Nature: acrid, warm
Enters: Spleen, Stomach, Large Intestine
Actions: Warms the middle Jiao; promotes Qi circulation; alleviates pain; astringes the large intestine, stops diarrhea.
• Spleen and stomach or spleen and kidney Yang deficiency cold: chronic diarrhea, daybreak diarrhea (not for damp-heat patterns).
• Yang deficiency cold with Qi stagnation: distention and pain of the epigastrium and abdomen, poor appetite, vomiting.
• Preparation: smash on paper and allow the paper to soak up the oil (otherwise will exacerbate diarrhea); very small doses of the oil (0.03-0.2 mL) directly stimulate the gastrointestinal tract.
• Roast to increase its ability to warm the middle Jiao and stop diarrhea.
• One constituent, myristicin, is an MAO inhibitor and a hallucinogen in large doses.
Yoga: Jatiphala: V, K-; P+
• Astringent, carminative, sedative, nervine, aphrodisiac, stimulant.
• For poor absorption, abdominal pain and distention, diarrhea, dysentery, intestinal gas, insomnia, nervous disorders, impotence.
• Increases absorption in the small intestine.
• Reduces high Vata in the colon and nervous system.
• Calms the mind (500 mg in warm milk before sleep).
• Tamasic: in excess it can dull the mind.

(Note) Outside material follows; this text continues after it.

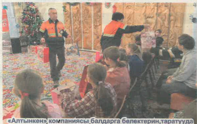
«Алтынкен» компаниясы балдарга белектерин таратууда

DY: Scatters cold; disperses distention.
• With Bu gu zhi to supplement spleen and kidney Yang, secure the intestines, and stop daybreak or “cock-crow” diarrhea. For indications such as:
– 1. Chronic diarrhea due to spleen-kidney Yang deficiency. (Si Shen Wan) Use salt mix-fried Bu gu zhi and roasted Rou dou kou.
– 2. Daybreak diarrhea with abdominal pain and rumbling noises due to spleen-kidney Yang deficiency. (Er Shen Wan)
PCBDP: Spasmolytic, anti-emetic, orexigenic, topical anti-inflammatory.
• Decreases prostaglandin levels in the colon, PGE2 inhibitor – has been used successfully in Crohn’s disease.